El cambio de turno ocurrió sin contratiempos ni demoras, nuestros compañeros se retiraron con prisa para aprovechar lo que restaba de la tarde, dejándonos en un fingido silencio. Esperé el gesto cómplice de Valentín: una media sonrisa mientras levantaba levemente el mentón, eso autorizaba la conversación.
Mi espíritu y mi autoestima se elevaron bajo el encanto de esa expresión que invitaba al acercamiento, ofreciendo una confianza reservada para muy pocas personas, si es que había otras personas.
—En el trabajo deberíamos ser siempre nosotros dos —comenté con anhelo.
Valentín se apoyó en el mostrador observando el local vacío, me quedé detrás contemplando su espalda y la cadena que se asomaba en su nuca.
—Es una buena forma de empezar el año.
Me acerqué y también me apoyé en el mostrador. Era una rara oportunidad para estar cerca, sin distracciones, sin tener que cuidarnos de clientes que escuchaban y veían todo. Giró su cabeza y dejó sus ojos clavados en los míos.
—Me hace muy bien estar contigo —susurré ante la necesidad de confesar lo que me pasaba en ese momento.
Miró hacia el frente, hacia los estantes de películas, encerrándose en un pensamiento como solía hacer en algunas ocasiones.
—¿En qué piensas?
Lo que pasaba por su mente era algo que me producía temor y curiosidad a la vez. La inquietud de no saber si no compartía esas ideas íntimas por recelo o porque consideraba que su contenido podía ser ofensivo.
Valentín tomó aire y meditó algo antes de hablar.
—¿Te puedo contar algo?
—Sí.
Siguió poniendo atención a los estantes, determinado a no mirarme.
—Mi papá es una persona mayor, es una historia complicada —arrastró las palabras como si no quisiera pronunciarlas—. Está enfermo desde antes que yo naciera pero su situación se agravó hace unos años y mi mamá… —Se detuvo dudando y dio un gran suspiro—. Mi papá tiene diabetes desde su adolescencia y no fue fácil para él encontrar alguien que lo entendiera, a mi mamá la conoció siendo grande. —De repente se sonrió ante un pensamiento—. Aunque mi mamá es mucho más joven que él. —Luego la sonrisa se fue—. Cuando tenía cuatro años se separaron, ella no quiso seguir con la relación. Me fui con mamá y a él lo veía a veces. Mi papá jamás perdonó que lo dejara. —Pasó los dedos por el mostrador buscando una distracción y restarle importancia a su historia—. Mi mamá formó otra familia pero nunca me entendí con mi padrastro y a los quince fui a vivir con mi papá.
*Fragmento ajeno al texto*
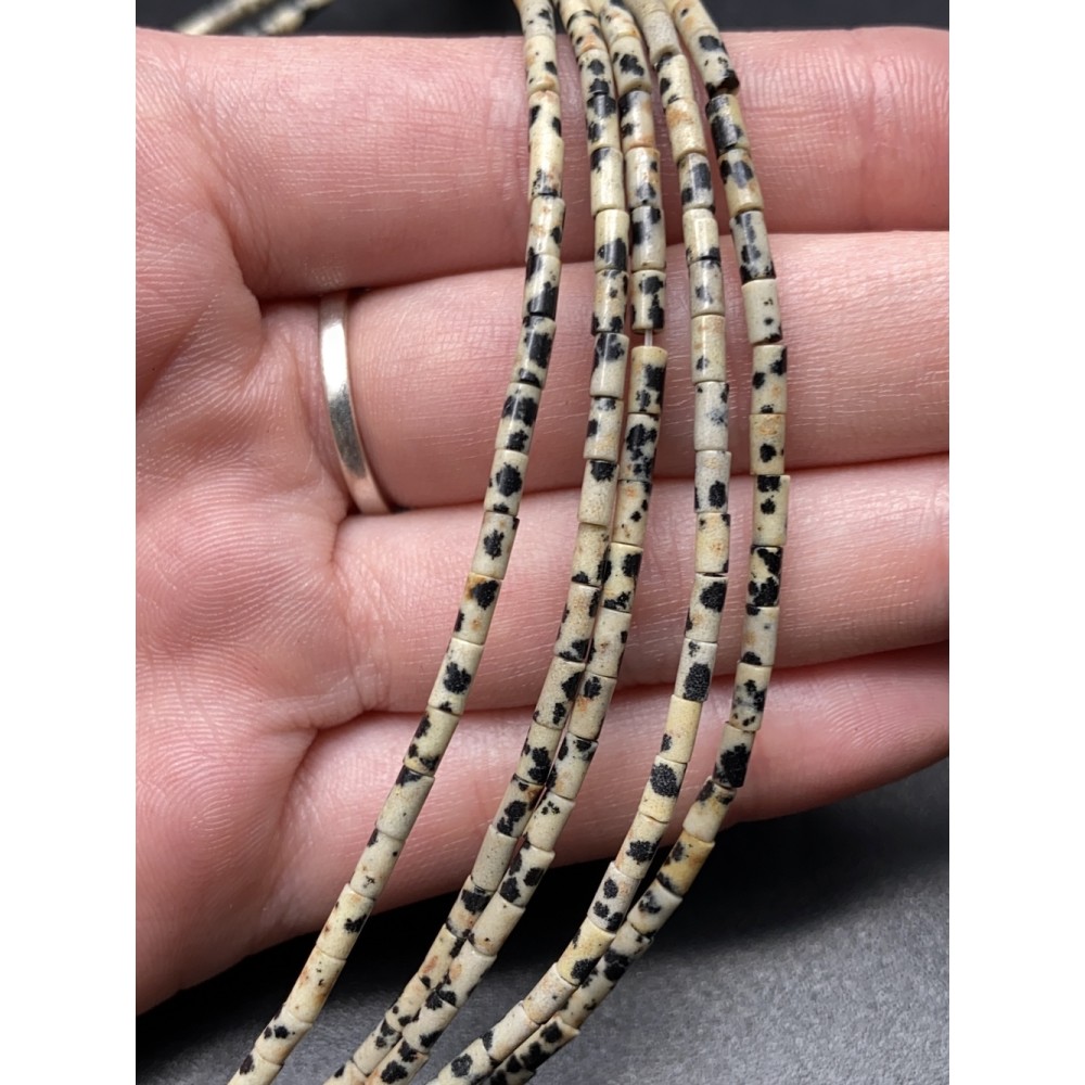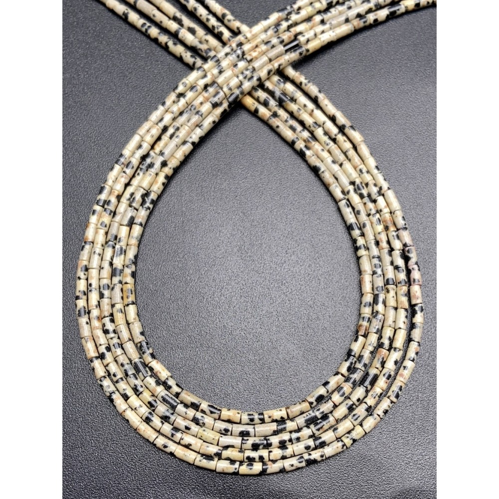 Каменные бусины, Яшма далматиновая, трубочки, 4х2 мм, длина нити 38 см

En mi último año de secundaria mi papá terminó en el hospital porque mentía cada vez que decía que cuidaba su salud y terminaron cortándole una pierna. —Usó esa descripción con una terrible naturalidad que me incomodó pero él no vio mi rostro de espanto—. No pude terminar el colegio y desde entonces me ocupo de él. Eso es lo que sucede en mi casa. No es algo de lo que se pueda mejorar.